### Information given
>>>>

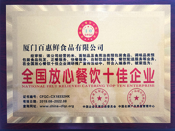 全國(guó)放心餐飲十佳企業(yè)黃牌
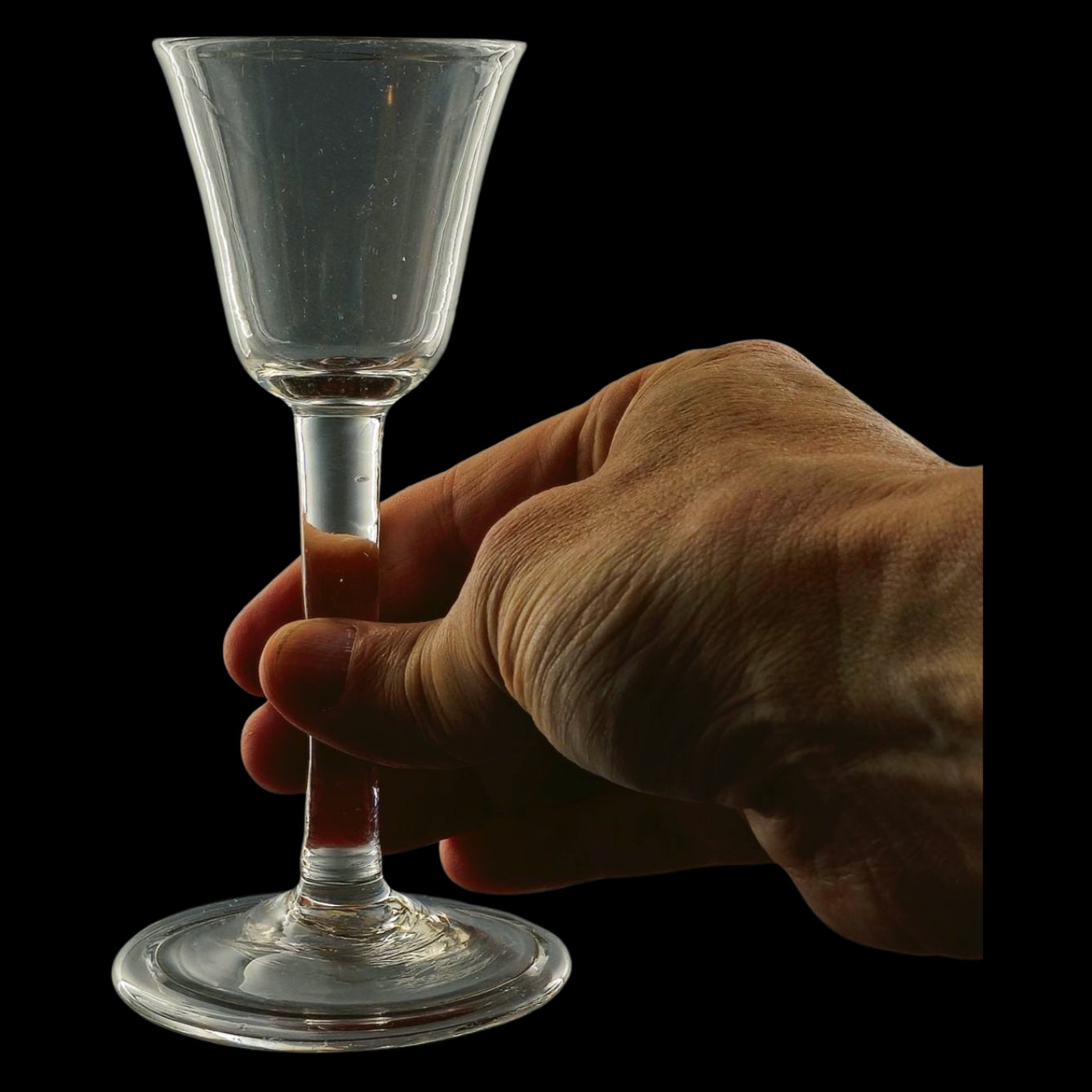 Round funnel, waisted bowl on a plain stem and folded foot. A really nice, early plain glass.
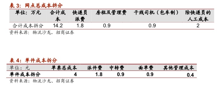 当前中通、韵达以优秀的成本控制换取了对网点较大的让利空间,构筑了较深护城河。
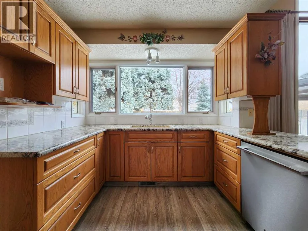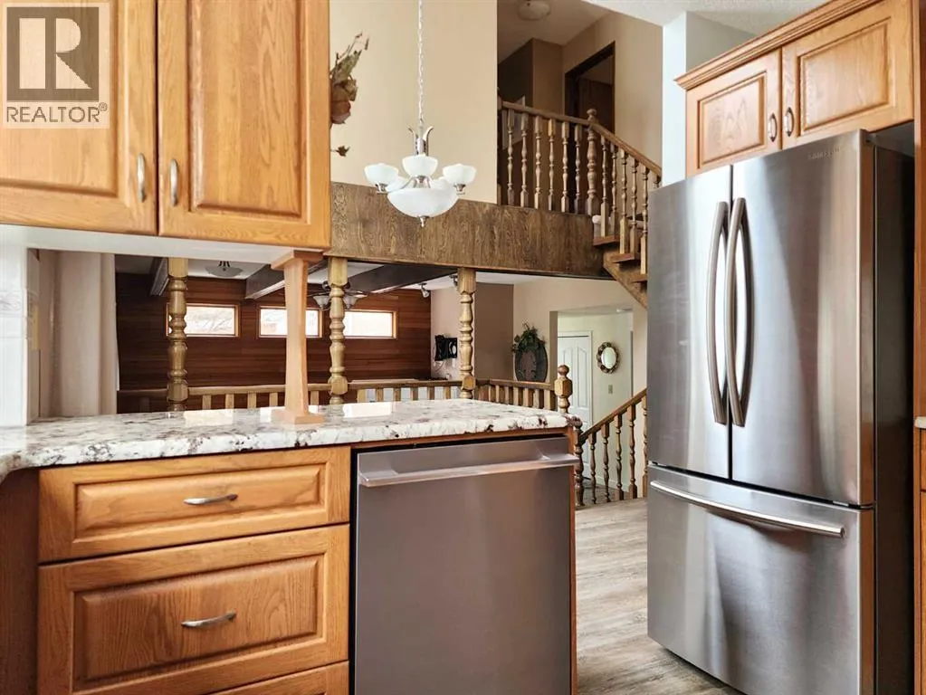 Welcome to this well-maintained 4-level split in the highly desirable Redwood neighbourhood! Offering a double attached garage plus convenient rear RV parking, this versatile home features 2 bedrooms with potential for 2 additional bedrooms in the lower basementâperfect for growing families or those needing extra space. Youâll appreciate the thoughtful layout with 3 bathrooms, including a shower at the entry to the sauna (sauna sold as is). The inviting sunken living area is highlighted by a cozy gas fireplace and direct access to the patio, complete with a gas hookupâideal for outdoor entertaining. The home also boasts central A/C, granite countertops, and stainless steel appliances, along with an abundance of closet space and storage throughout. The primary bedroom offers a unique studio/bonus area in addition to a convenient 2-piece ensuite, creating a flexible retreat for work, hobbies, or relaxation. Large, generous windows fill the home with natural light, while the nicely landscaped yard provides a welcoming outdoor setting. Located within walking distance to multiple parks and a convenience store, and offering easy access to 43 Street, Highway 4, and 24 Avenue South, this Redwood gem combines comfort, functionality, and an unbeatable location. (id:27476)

<<<<
>>>>

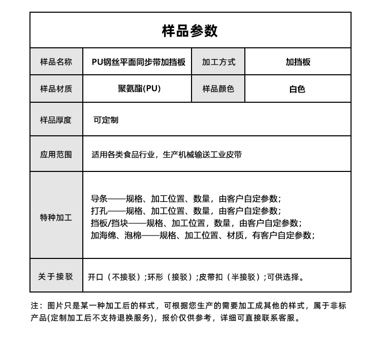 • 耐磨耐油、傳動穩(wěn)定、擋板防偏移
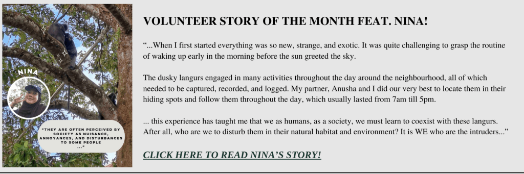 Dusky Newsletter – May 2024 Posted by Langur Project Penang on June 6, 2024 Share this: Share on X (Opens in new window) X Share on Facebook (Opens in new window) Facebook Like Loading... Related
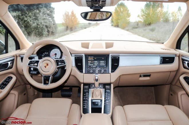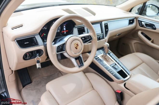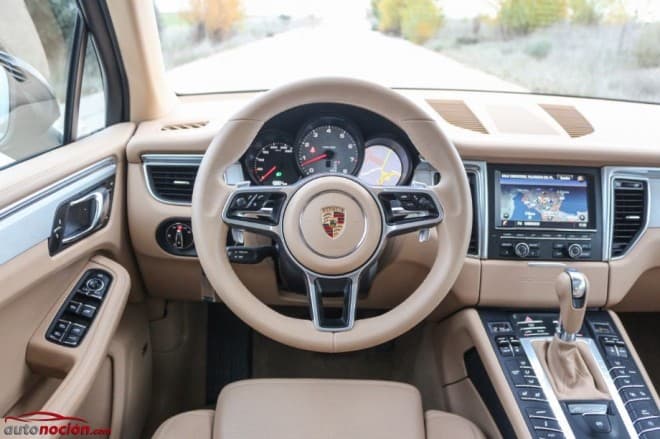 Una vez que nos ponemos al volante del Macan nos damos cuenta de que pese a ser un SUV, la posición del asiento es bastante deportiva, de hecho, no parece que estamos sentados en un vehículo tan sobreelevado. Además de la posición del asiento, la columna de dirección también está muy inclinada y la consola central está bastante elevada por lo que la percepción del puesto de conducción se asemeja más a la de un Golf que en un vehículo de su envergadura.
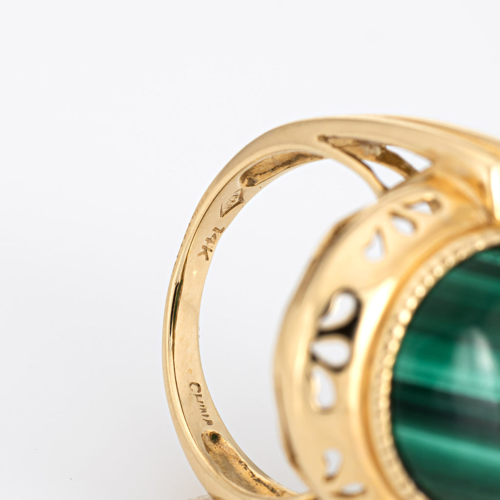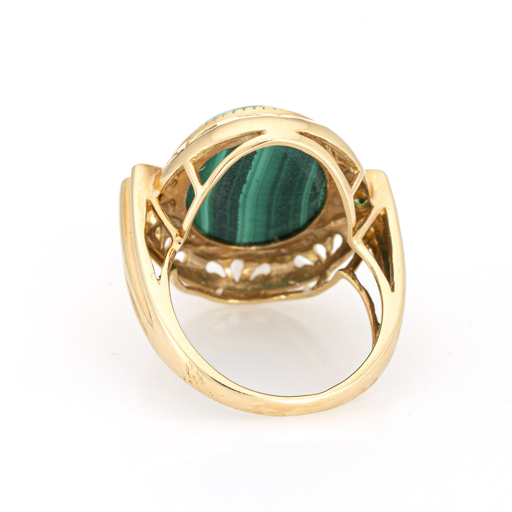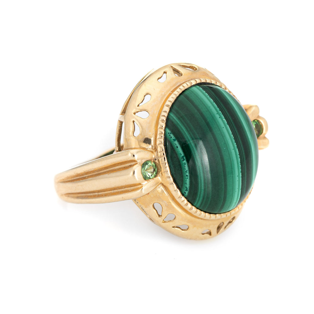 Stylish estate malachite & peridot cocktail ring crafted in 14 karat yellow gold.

<<<<

### Requirement
Nothing but the lines from the one containing "Una vez que" through the one containing "Stylish estate malachite" should appear, copied exactly from the material above and without pictures.

### Task answer
 Una vez que nos ponemos al volante del Macan nos damos cuenta de que pese a ser un SUV, la posición del asiento es bastante deportiva, de hecho, no parece que estamos sentados en un vehículo tan sobreelevado. Además de la posición del asiento, la columna de dirección también está muy inclinada y la consola central está bastante elevada por lo que la percepción del puesto de conducción se asemeja más a la de un Golf que en un vehículo de su envergadura.
 Stylish estate malachite & peridot cocktail ring crafted in 14 karat yellow gold.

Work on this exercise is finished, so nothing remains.